» Assigned task
When you transcribe the lines below, keep every word the same and leave the pictures behind.

(Data records)
§

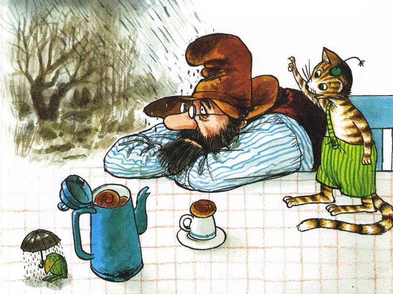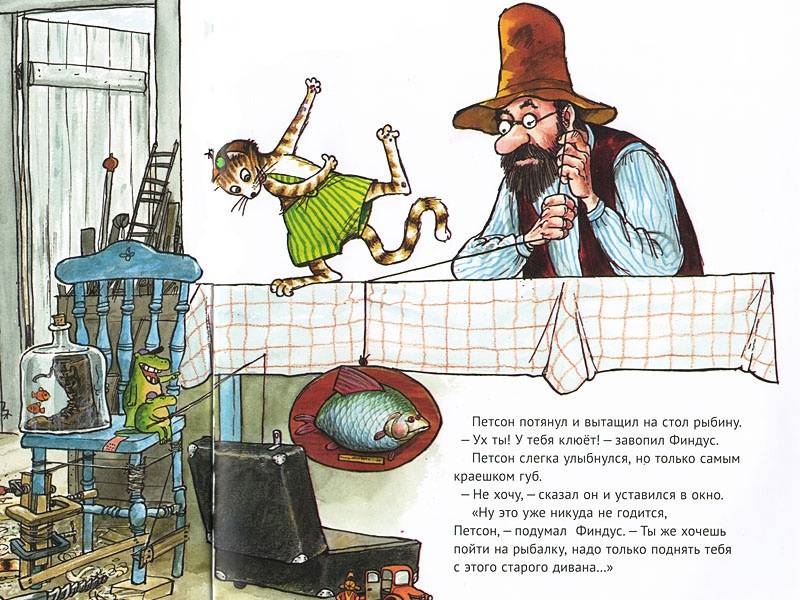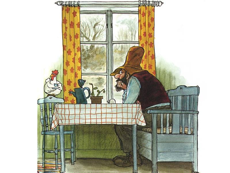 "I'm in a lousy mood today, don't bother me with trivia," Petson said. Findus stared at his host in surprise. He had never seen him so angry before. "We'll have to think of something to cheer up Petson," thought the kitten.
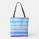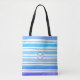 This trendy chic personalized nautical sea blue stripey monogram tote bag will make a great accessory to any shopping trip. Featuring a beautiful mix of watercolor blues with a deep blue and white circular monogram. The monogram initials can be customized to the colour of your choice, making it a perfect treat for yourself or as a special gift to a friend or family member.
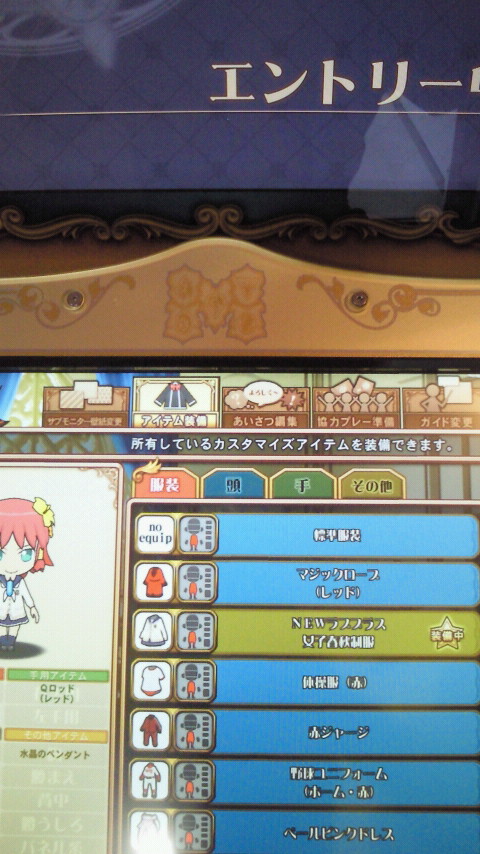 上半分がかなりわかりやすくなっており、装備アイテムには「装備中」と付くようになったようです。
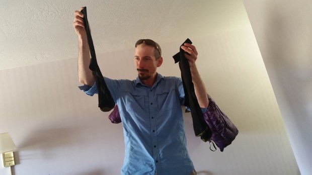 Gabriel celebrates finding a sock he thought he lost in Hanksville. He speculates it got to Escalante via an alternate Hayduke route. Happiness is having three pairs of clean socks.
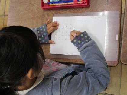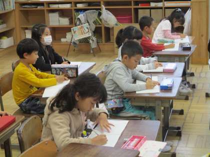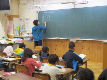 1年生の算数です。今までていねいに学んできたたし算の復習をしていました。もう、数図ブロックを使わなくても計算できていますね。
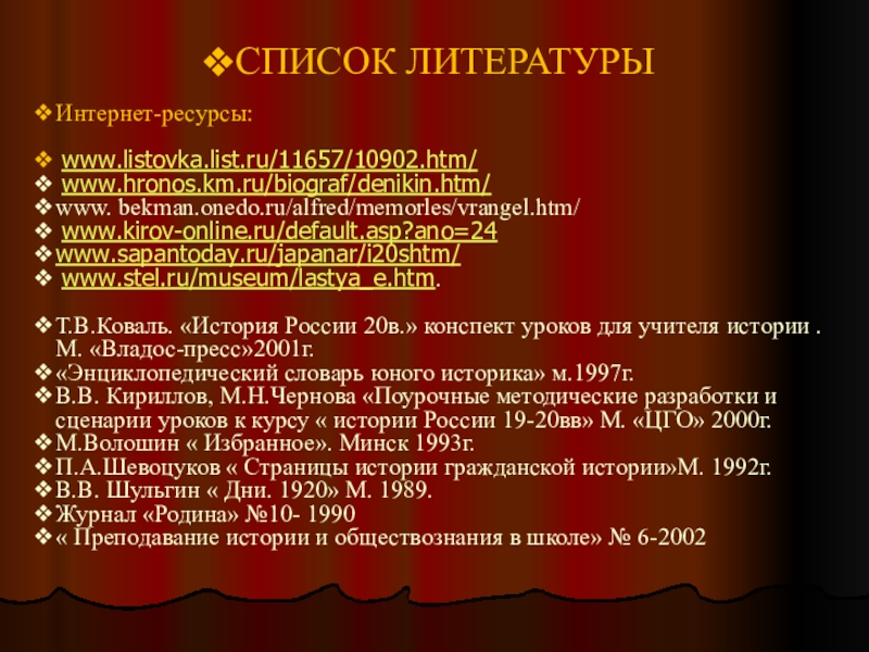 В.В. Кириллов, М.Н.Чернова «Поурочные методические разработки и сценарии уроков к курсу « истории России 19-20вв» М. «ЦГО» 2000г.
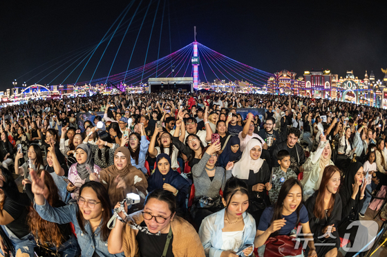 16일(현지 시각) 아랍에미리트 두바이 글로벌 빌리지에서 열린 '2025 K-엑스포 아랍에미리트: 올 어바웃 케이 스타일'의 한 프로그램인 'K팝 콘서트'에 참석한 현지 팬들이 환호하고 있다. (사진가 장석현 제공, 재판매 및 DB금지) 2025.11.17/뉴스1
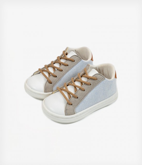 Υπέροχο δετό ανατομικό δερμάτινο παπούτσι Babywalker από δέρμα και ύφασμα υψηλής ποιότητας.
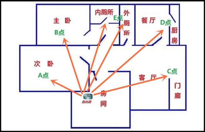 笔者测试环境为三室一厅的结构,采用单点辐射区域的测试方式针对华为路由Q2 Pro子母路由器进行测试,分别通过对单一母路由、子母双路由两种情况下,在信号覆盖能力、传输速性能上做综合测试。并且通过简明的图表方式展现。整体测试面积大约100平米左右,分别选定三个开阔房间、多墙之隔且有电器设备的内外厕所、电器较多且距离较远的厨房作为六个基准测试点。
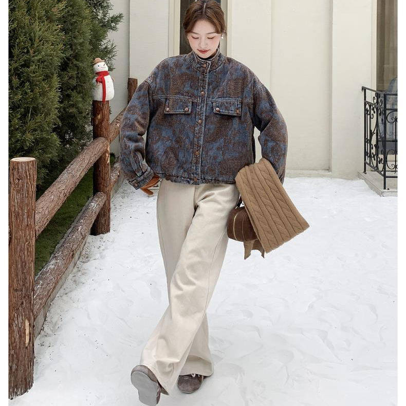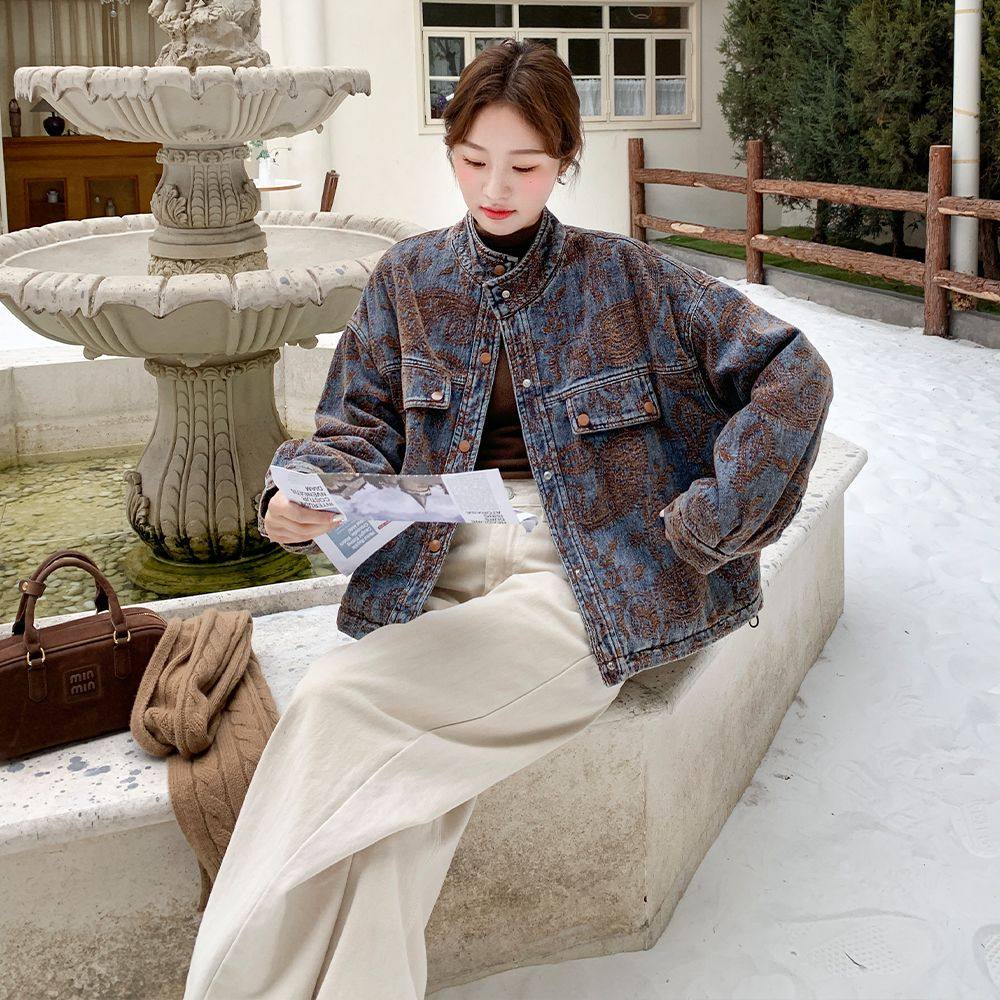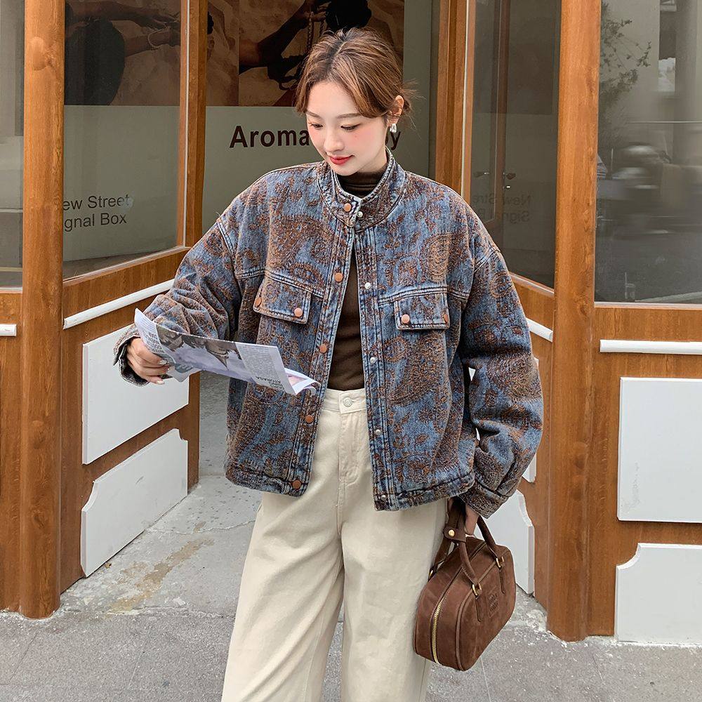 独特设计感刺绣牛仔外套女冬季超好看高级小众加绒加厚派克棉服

§

» Your solution
 "I'm in a lousy mood today, don't bother me with trivia," Petson said. Findus stared at his host in surprise. He had never seen him so angry before. "We'll have to think of something to cheer up Petson," thought the kitten.
 This trendy chic personalized nautical sea blue stripey monogram tote bag will make a great accessory to any shopping trip. Featuring a beautiful mix of watercolor blues with a deep blue and white circular monogram. The monogram initials can be customized to the colour of your choice, making it a perfect treat for yourself or as a special gift to a friend or family member.
 上半分がかなりわかりやすくなっており、装備アイテムには「装備中」と付くようになったようです。
 Gabriel celebrates finding a sock he thought he lost in Hanksville. He speculates it got to Escalante via an alternate Hayduke route. Happiness is having three pairs of clean socks.
 1年生の算数です。今までていねいに学んできたたし算の復習をしていました。もう、数図ブロックを使わなくても計算できていますね。
 В.В. Кириллов, М.Н.Чернова «Поурочные методические разработки и сценарии уроков к курсу « истории России 19-20вв» М. «ЦГО» 2000г.
 16일(현지 시각) 아랍에미리트 두바이 글로벌 빌리지에서 열린 '2025 K-엑스포 아랍에미리트: 올 어바웃 케이 스타일'의 한 프로그램인 'K팝 콘서트'에 참석한 현지 팬들이 환호하고 있다. (사진가 장석현 제공, 재판매 및 DB금지) 2025.11.17/뉴스1
 Υπέροχο δετό ανατομικό δερμάτινο παπούτσι Babywalker από δέρμα και ύφασμα υψηλής ποιότητας.
 笔者测试环境为三室一厅的结构,采用单点辐射区域的测试方式针对华为路由Q2 Pro子母路由器进行测试,分别通过对单一母路由、子母双路由两种情况下,在信号覆盖能力、传输速性能上做综合测试。并且通过简明的图表方式展现。整体测试面积大约100平米左右,分别选定三个开阔房间、多墙之隔且有电器设备的内外厕所、电器较多且距离较远的厨房作为六个基准测试点。
 独特设计感刺绣牛仔外套女冬季超好看高级小众加绒加厚派克棉服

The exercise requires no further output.